Since our AC loss applies angular constraints only between the new feature vectors and the former classifier weights, we also conducted an experiment to analyze the effect of our AC loss on the angle between the former classifier weight vector and the former feature vector. The angular changes in training process are output as shown in Figure 16: (a) angular changes between old-class sample features and their corresponding classifier weight vectors during training. (b) Angular changes between old-class sample features and non-corresponding classifier weight vectors (i.e., weights of other classes) during training. The blue line represents training without AC loss; the orange line represents training with AC loss in both (a) and (b). Since the AC loss imposes constraints on both the former classifier weights and the feature of new classes in learning process, it slightly affects the angle between the old class features and old classifier weights. However, as shown in Figure 17, the overall training performance under the CIL setting benefits from the introduction of the AC loss, leading to a slight improvement.

The effect of AC loss on CIL is also compared experimentally, as shown in Figure 17. As can be seen from the figure, the network trained with AC loss is slightly better than the network without AC loss at all stages of the CIL process. The largest difference is in stage 5, where the two accuracies are 57.019% and 65.151%, respectively, with a difference of 8.13%. This part of the experiment proves that AC loss can improve the performance of CIL.

6. Conclusions

In this paper, we propose a class-incremental learning method called SCF-CIL. By incorporating a cross-attention mechanism, our SCF-Net effectively leverages the electromagnetic information contained in SAR data, while combining the stability of SC features with the plasticity of CNN features, improving the performance of CIL methods on SAR data. A comparison experiment shows that fusing the SC feature with cross-attention greatly improves the CIL performance on SAR targets. Afterward, the effect of network overfitting on the feature space is analyzed, and two training strategies, “removing dropout” and “late-stop”, are introduced to improve feature clustering degree, thereby reserving feature space for subsequent incremental learning in our specific model setting. Four groups of experiments are conducted to demonstrate the impact of overfitting on feature clustering and the improvements in CIL performance due to slight overfitting. Since the SC feature is manually extracted, and in order to further correct the former class recognition bias caused by sample imbalance, a multi-stage regularization method is proposed. Through regularization at different stages, it transfers the impact of catastrophic forgetting to vector modules that are easier to process. In this part, this paper proposes an AC loss, which constrains the angle between the new feature vector and the old classifier weight in the CIL training process. Our experiment also proves the effectiveness of the AC loss. In addition to that, we compare our SCF-CIL with six commonly used CIL methods. Our method achieves the optimal CIL performance in the five stages of the CIL process. In summary, the SCF-CIL method has good effectiveness and robustness in SAR targets CIL process and great potential in the application of an SAR recognition system.

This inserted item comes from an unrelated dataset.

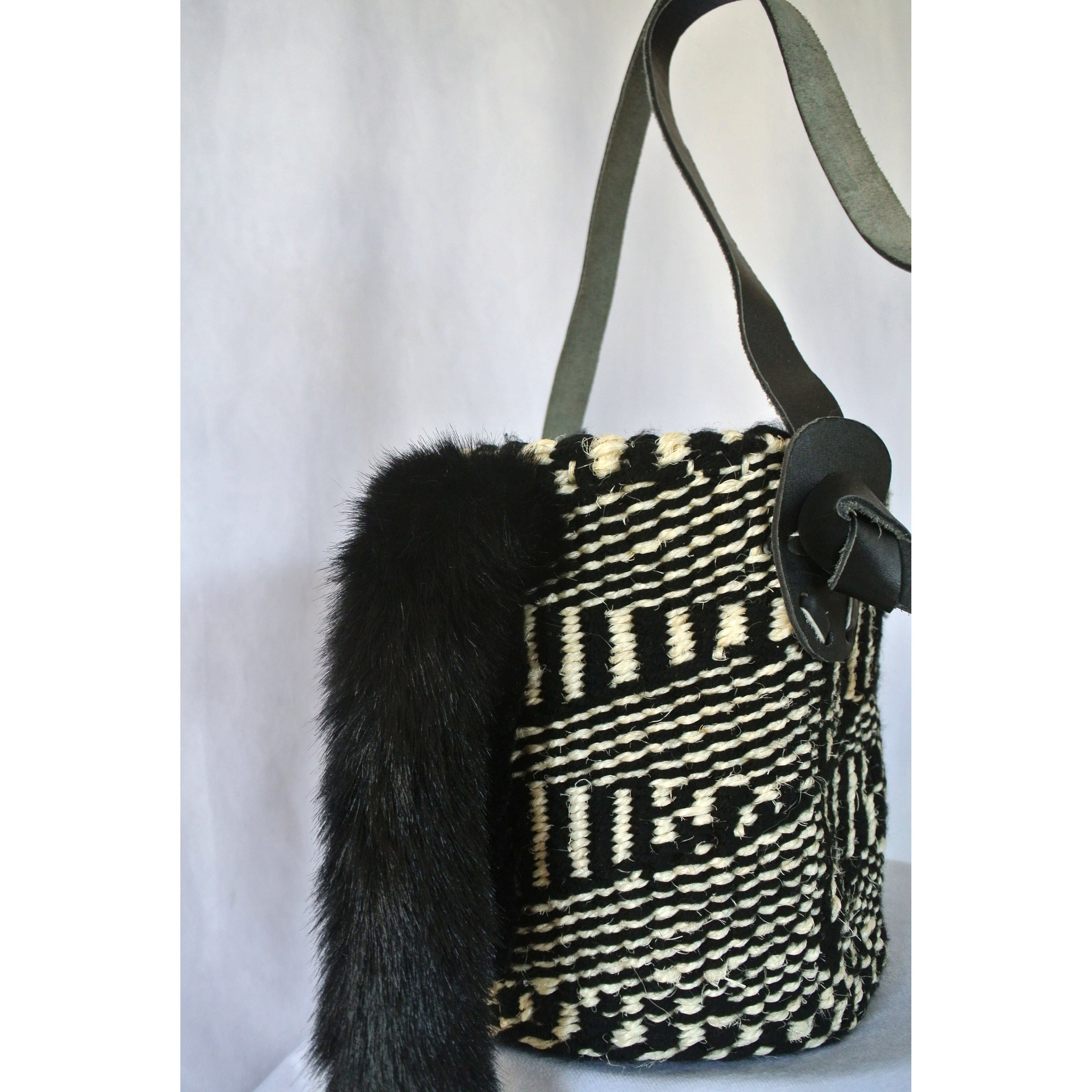 毛糸でモコモコに刺繍した猫ちゃんと、ふわふわロングなシッポがポイントのかごバッグです。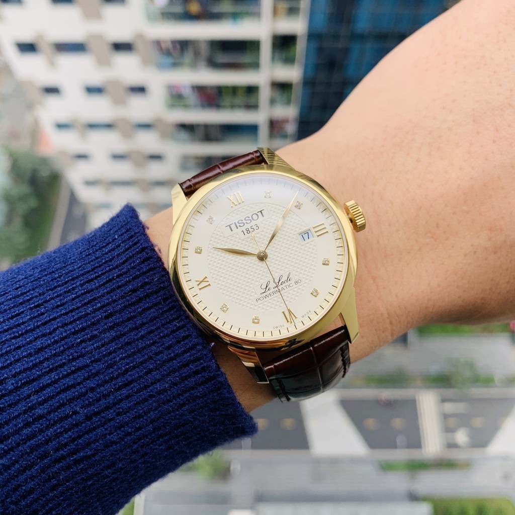 Đồng hồ nam chính hãng #Tissot Le Locle Diamond #T006.407.36.266.00 - Máy cơ tự động Powermatic 80 - Kính Sapphire Le Locle - dòng sản phẩm bán chạy nhất của thương hiệu Tissot Nay được nâng cấp mạnh mẽ ở diện mạo với việc đính 8 viên kim cương ở cọc số càng làm mẫu đồng hồ này trở nên sang trọng và đẳng cấp hơn bao giờ hết Thông số: - Đường kính mặt 39.3mm rất dễ đeo - Dây da kích thước rộng 20mm - Máy cơ tự động Powermatic 80 trữ cót tối đa 80h - Kính Sapphire chống xước tốt - Thân thép ko rỉ, vỏ mạ PVD Gold sang trọng - Dây da nâu dập vân cá sấu, đi kèm khóa bướm tiện dụng - Đáy lộ cơ đẹp mắt - Chống nước 30m - Store đang b.án hơn 24tr 🔥🔥🔥 Giá săn seo chỉ : 16.690k 💥Chế độ bảo hành: 💯 Hàng chính hãng mới 100%, Full box tag, sổ hãng - Bảo hành 2 năm tại shop, xác nhận mua hàng làm căn cứ bảo hành, đổi trả trong vòng 15 ngày nếu lỗi hoặc không đúng mô tả. Hoàn 100% tiền

Our experiments show the effectiveness of utilizing the information contained in SAR images and demonstrate that there is still room for improvement in the performance of CIL methods on SAR targets. However, the extraction and integration of SAR image information in our current work remain insufficient. In the future, we will focus on an end-to-end incremental learning network and improve our feature fusion method to enhance the intelligence of radar systems.

Author Contributions

The contribution of authors is stated as follows: methodology and formulation, Y.Z. and J.Z.; software realization, Y.Z.; validation and experiments, Y.Z.; writing and review, Y.Z., J.Z. and S.V.; funding acquisition, M.X. and J.Z. All authors have read and agreed to the published version of the manuscript.

Funding

This work was supported in part by the Key Program of the National Natural Science Foundation of China under Grant 62331020, the National Natural Science Foundation of China under Grant 62301403, and China Scholarship Council program (Project ID: 202306960013).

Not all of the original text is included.